▶ _Record set_:
● ● ● ● ● ● ●

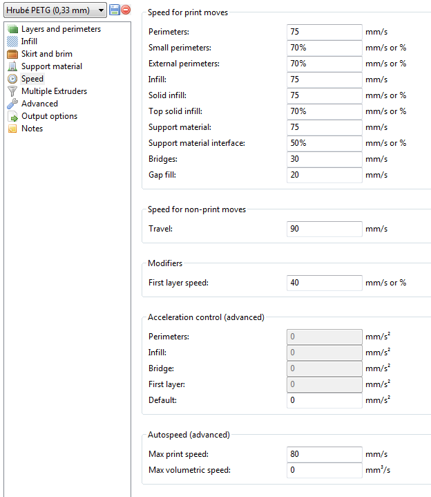 Teplotu mám nastavenou na 238°, rychlosti viz obrázek. Proud na motorech mám určitě dostatečný - zkoušel jsem zastavit pohyb rukou - síla, kterou to tlačí je přiměřená, rozhodně se to nezastaví hned po dotyku ruky...
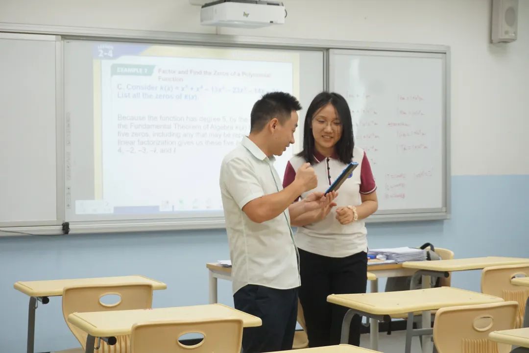 活跃、自由、丰富……,这些词是孙老师概括他在国际教育行业多年所看到的,学生的思维、整体的学术氛围是活跃且自由的,学校能够给学生提供适合他们风格、爱好的课程,学生的选择也很多元,大家在这种环境中个性能够得以发展。同时,社团发展的成熟、前沿也让学生的很多兴趣爱好有了最大程度的保留和持续的深入。因此,在这样的环境之下,数学学科的教学也有很大的发展空间。
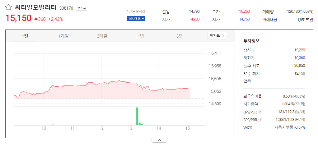 이 글에서는 씨티알모빌리티 주가 전망과 목표 주가, 기업 정보에 대해서 설명합니다. 주식 투자 전에 정확한 기업 정보와 주가 현황에 대해 살펴보는 것은 굉장히 중요합니다. 씨티알모빌리티 주식의 주요 현황과 투자 정보를 확인하시고 지금 시장 흐름을 살펴보겠습니다.
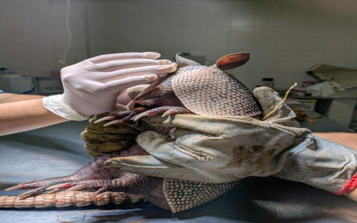 El pasado domingo personal de la Brigada Ecológica y Rescate Animal fue comisionado a una vivienda de la ciudad de Santo Tomé (departamento La Capital) luego que una mujer denunciara que en el baño había un tatú mulita, lo que sugiere que el ejemplar estaba en cautiverio.
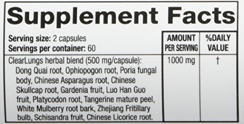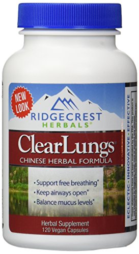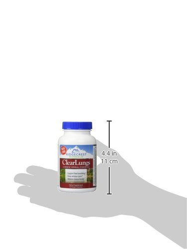 -. Binding : Health and Beauty -. Brand : RidgeCrest Herbals -. Department : Health and Personal Care -. EAN : 0355724001360 -. Feature : 120 Capsules / Serving Size: 2 / 60 Servings Per Container -. IsAdultProduct : 0 -. Label : Ridgecrest Herbals -. LegalDisclaimer : Actual product packaging and materials may contain more and different information than what is shown on our website. We recommend that you do not rely solely on the information presented and that you always read labels, warnings, and directions before using or consuming a product. Please see our full disclaimer below. -. Manufacturer : Ridgecrest Herbals -. Model : 915140 -. MPN : 136 -. PackageQuantity : 1 -. PartNumber : 136 -. ProductGroup : Health and Beauty -. ProductTypeName : HEALTH_PERSONAL_CARE -. Publisher : Ridgecrest Herbals -. Size : 120 Veg Capsules -. Studio : Ridgecrest Herbals -. Title : Clear Lungs Red Label 120 Capsules -. UPC : 355724001360

● ● ● ● ● ● ●

▶ _Task details_:
Give the data above again, exactly and completely. No pictures go in.

▶ _Solution for this exercise_:
 Teplotu mám nastavenou na 238°, rychlosti viz obrázek. Proud na motorech mám určitě dostatečný - zkoušel jsem zastavit pohyb rukou - síla, kterou to tlačí je přiměřená, rozhodně se to nezastaví hned po dotyku ruky...
 活跃、自由、丰富……,这些词是孙老师概括他在国际教育行业多年所看到的,学生的思维、整体的学术氛围是活跃且自由的,学校能够给学生提供适合他们风格、爱好的课程,学生的选择也很多元,大家在这种环境中个性能够得以发展。同时,社团发展的成熟、前沿也让学生的很多兴趣爱好有了最大程度的保留和持续的深入。因此,在这样的环境之下,数学学科的教学也有很大的发展空间。
 이 글에서는 씨티알모빌리티 주가 전망과 목표 주가, 기업 정보에 대해서 설명합니다. 주식 투자 전에 정확한 기업 정보와 주가 현황에 대해 살펴보는 것은 굉장히 중요합니다. 씨티알모빌리티 주식의 주요 현황과 투자 정보를 확인하시고 지금 시장 흐름을 살펴보겠습니다.
 El pasado domingo personal de la Brigada Ecológica y Rescate Animal fue comisionado a una vivienda de la ciudad de Santo Tomé (departamento La Capital) luego que una mujer denunciara que en el baño había un tatú mulita, lo que sugiere que el ejemplar estaba en cautiverio.
 -. Binding : Health and Beauty -. Brand : RidgeCrest Herbals -. Department : Health and Personal Care -. EAN : 0355724001360 -. Feature : 120 Capsules / Serving Size: 2 / 60 Servings Per Container -. IsAdultProduct : 0 -. Label : Ridgecrest Herbals -. LegalDisclaimer : Actual product packaging and materials may contain more and different information than what is shown on our website. We recommend that you do not rely solely on the information presented and that you always read labels, warnings, and directions before using or consuming a product. Please see our full disclaimer below. -. Manufacturer : Ridgecrest Herbals -. Model : 915140 -. MPN : 136 -. PackageQuantity : 1 -. PartNumber : 136 -. ProductGroup : Health and Beauty -. ProductTypeName : HEALTH_PERSONAL_CARE -. Publisher : Ridgecrest Herbals -. Size : 120 Veg Capsules -. Studio : Ridgecrest Herbals -. Title : Clear Lungs Red Label 120 Capsules -. UPC : 355724001360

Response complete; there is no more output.